Was Sie allerdings im Ladenregal und im Internet vorwiegend finden werden, ist das, was ich durchgängig als „Kollagenpeptide“ bezeichnen werde, sofern ich nicht die Einzelheiten einer Studie bespreche und mich dabei an die Terminologie der Autoren halte. Die Begriffe „Kollagenpeptide“, „hydrolysiertes Kollagen“ und „Kollagenhydrolysat“ – ebenso wie das seltener verwendete „hydrolysierte Gelatine“ – beziehen sich alle auf das gleiche Produkt: Kollagenprotein, das durch den Einsatz spezieller Eiweiß spaltender Enzyme in noch kleinere Teile aufgebrochen wurde.

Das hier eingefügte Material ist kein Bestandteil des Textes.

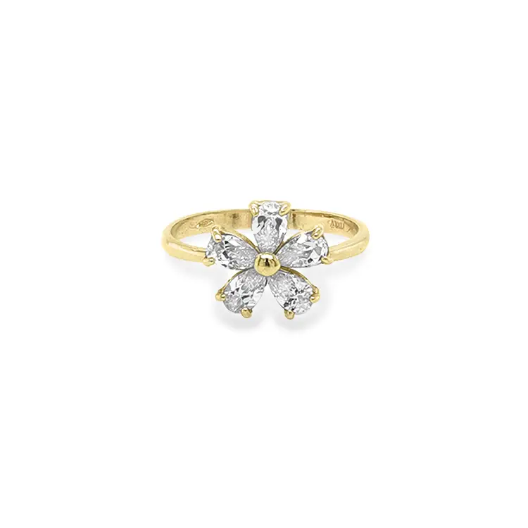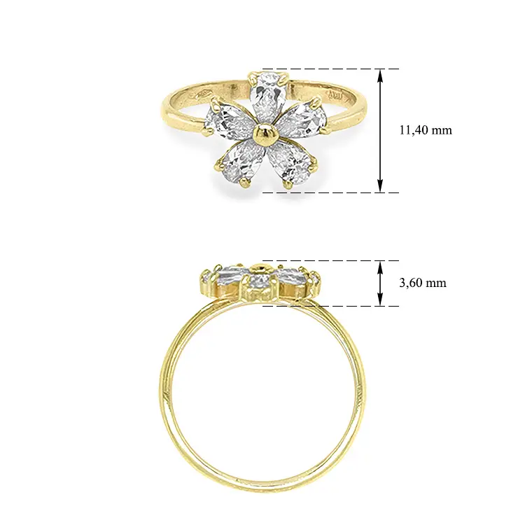 Золотое кольцо Цветок с цирконами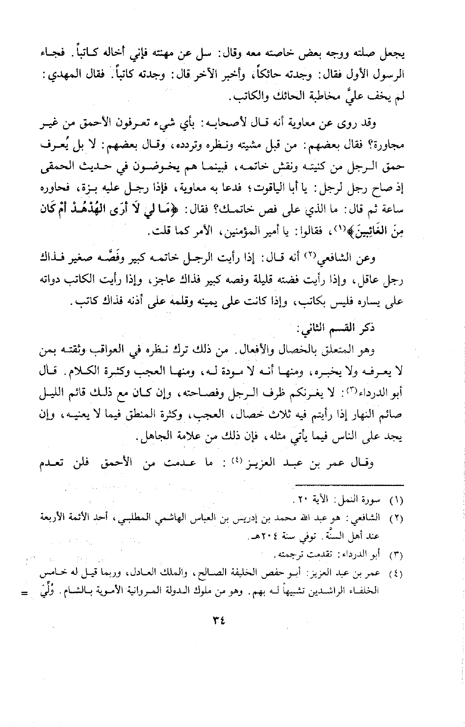 ذكر القسم الثاني: وهو المتعلق بالخصال والأفعال. من ذلك ترك نظره في العواقب وثقته بمن لا يعرفه ولا يخبره، ومنها، أنه لا مودة له.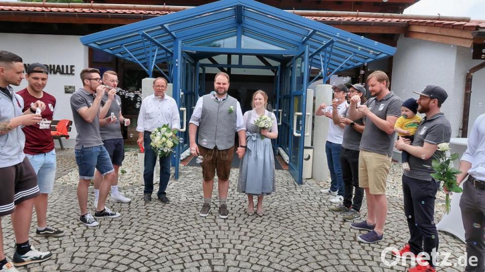 Beim Jubiläum der Krieger- und Soldatenkameradschaft in Wondreb hatten sie sich 2018 kennengelernt. Jetzt gaben sich Rosalie Gmeiner und Johannes Härtl das Jawort vor der Friedenfelser Standesbeamtin Regina Wildenauer. Der 33-jährige staatlich geprüfte Bautechniker Johannes Härtl aus Friedenfels und die 26-jährige Realschullehrerin Rosalie Gmeiner aus Wondreb engagieren sich ehrenamtlich in Friedenfels. Johannes Härtl, Gemeinderat in Friedenfels, Vorstandsmitglied der Jungen Union und des CSU-Ortsverbandes, steht seit 2017 dem Turn- und Sportverein als Vorsitzender vor. Lange dauerte deshalb auch die herzliche Gratulationscour der Sportfreunde. TSV-Vorstand und Akteure der Sparte Fußball überbrachten Glückwünsche und ließen das frisch vermählte Paar hochleben. Beste Wünsche kamen natürlich auch von Familie, Freunden und Arbeitskollegen des Brautpaares.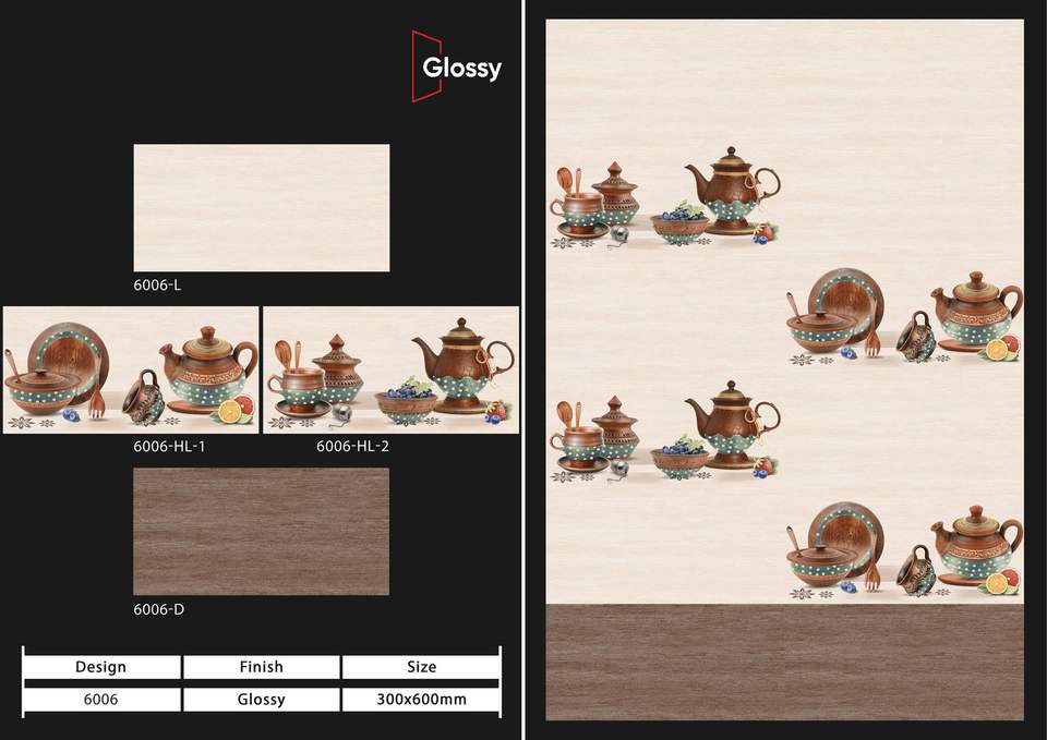 ชุดครัวกันลื่นและต้านเชื้อแบคทีเรียขนาด300X600มม. พร้อมพื้นผิวมันวาวสำหรับใช้ภายใน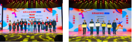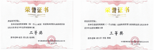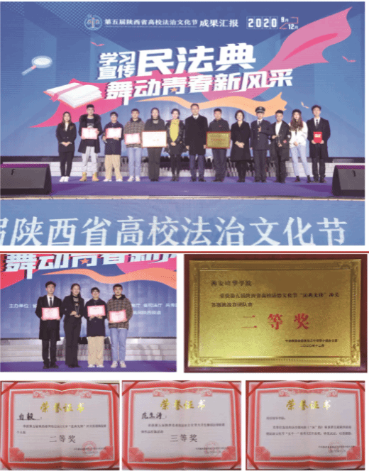 启动仪式上,表彰了陕西省第九届高校法治文化宣传季青少年法治短视频大赛、优秀法治文化作品、优秀组织单位等获奖单位和个人。西安培华学院选送的短视频《第一百八十四条》获青少年法治短视频大赛二等奖,《一千五预算》获青少年法治短视频大赛三等奖,学校荣获“优秀组织单位”奖。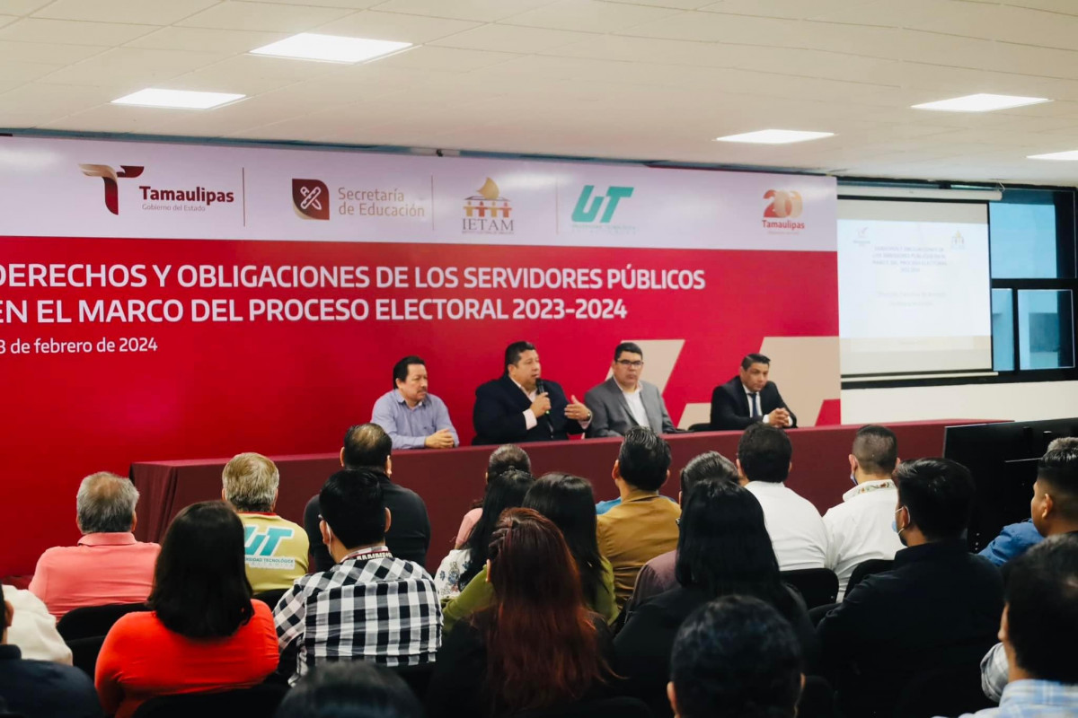 Con la presencia de nuestro rector, el Mtro. Juan Dionisio Cruz Guerrero, el pasado Viernes 23 de Febrero se impartió el curso “Derechos y Obligaciones de los Servidores Públicos en el Marco del Proceso Electoral 2023-2024” al personal directivo, docente y administrativo de nuestra querida Universidad Tecnológica de Altamira.

Manchmal wird auch der Begriff „hydrolysierte Kollagenpeptide“ verwendet, der jedoch „doppelt gemoppelt“ ist, da jegliches Kollagen in Peptidform hydrolysiert wurde.

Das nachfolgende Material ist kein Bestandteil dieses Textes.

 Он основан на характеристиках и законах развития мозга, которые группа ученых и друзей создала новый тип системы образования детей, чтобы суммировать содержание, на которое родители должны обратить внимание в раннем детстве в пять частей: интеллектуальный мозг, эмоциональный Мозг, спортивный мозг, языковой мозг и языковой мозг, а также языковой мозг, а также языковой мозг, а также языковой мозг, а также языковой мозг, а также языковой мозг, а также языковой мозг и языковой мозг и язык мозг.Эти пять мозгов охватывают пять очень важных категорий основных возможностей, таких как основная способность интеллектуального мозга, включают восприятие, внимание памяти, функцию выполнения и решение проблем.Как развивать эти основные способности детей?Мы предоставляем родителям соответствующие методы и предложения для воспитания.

Auch wenn die Unterschiede verwirrend erscheinen, so gibt es doch nur einige wenige Dinge, die Sie sich merken müssen: Zum einen stehen Kollagenpeptide im Mittelpunkt nahezu aller heutigen Untersuchungen und das mit gutem Grund, wie Sie noch feststellen werden. Zum Zweiten geht man davon aus, dass das Vorhandensein von „bioaktiven“ Dipeptiden und Tripeptiden (aus zwei beziehungsweise drei Aminosäure-Resten aufgebaute Peptide) der Grund für viele der gesundheitlichen Vorteile von Kollagenpeptid-Produkten sind. Und zum Dritten können Grad und Form der Hydrolyse oder wie viele aktive Dipeptide und Tripeptide ein Kollagenprodukt enthält, abweichen.

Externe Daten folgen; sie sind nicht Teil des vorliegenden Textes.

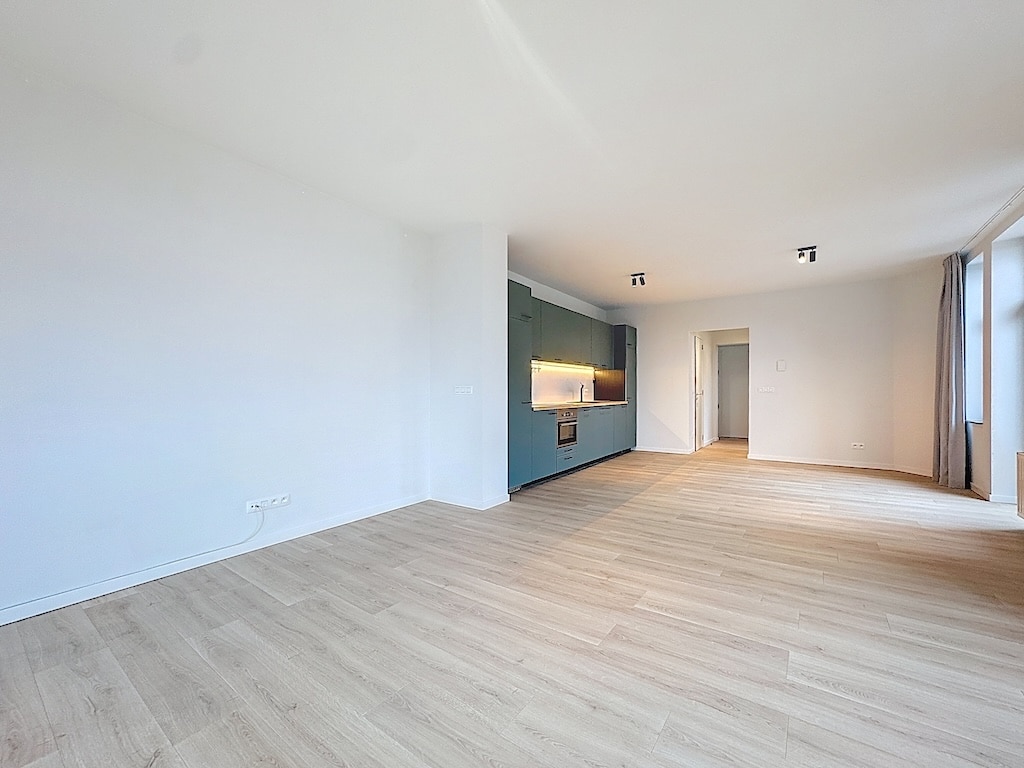 Un intérieur moderne et minimaliste lumineux, avec murs blancs, un mur bleu clair en point focal, un sol en bois clair, et une grande fenêtre laissant entrer la lumière naturelle, créant une ambiance apaisante et épurée.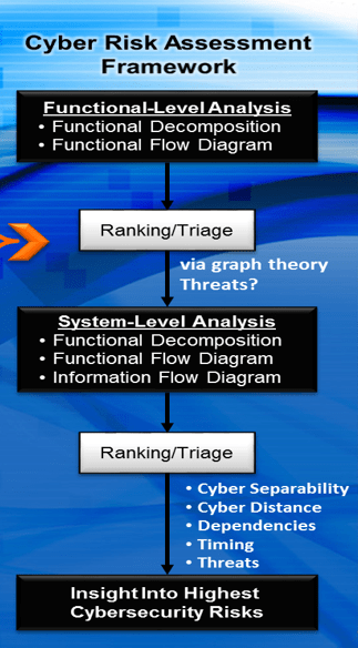 A functional level analysis is accomplished through functional decomposition and functional flow diagrams. The functional decomposition is continued to the level of supporting systems, using methods such as those in Fault Tree Analysis (FTA). Then a ranking and triage process ensues leading to a system level analysis with functional decomposition, functional flow, and information flow diagrams. This helps determine which systems support the elements that remain after functional-level triage. Another ranking and triage process occurs using markers including cyber separability, cyber distance, dependencies and timing. In cyber separability two systems are cyber separable from one another if no single cyber vector of attack could simultaneously degrade the functionality of both systems. This ultimately leads to insight into the highest level of cybersecurity risks across both platforms and missions, enhanced with the addition of current intelligence reporting.

Was also macht Kollagenpeptide so besonders? Während man früher davon ausging, dass alle Proteine und Peptide im Verdauungstrakt restlos in die Aminosäuren aufgespalten werden, aus denen sie bestehen (beispielsweise Glycin und Prolin), wissen wir heute, dass dies nicht der Fall ist. Es gibt mehrere Kollagendipeptide und -tripeptide, die nicht vollständig verdaut werden, sodass bis zu 10 Prozent noch intakt sind, wenn sie in den Blutstrom gelangen. Diese bioaktiven Peptide zirkulieren dort mehrere Stunden lang und gelangen über das Blut an viele Orte, etwa zur Haut und zu den Gelenken, wo sie ihre wohltuende Wirkung bis zu zwei Wochen lang entfalten können. Die meisten dieser bioaktiven Peptide enthalten Hydroxyprolin, das hauptsächlich mit Prolin verbunden ist, aber auch mit anderen Aminosäuren.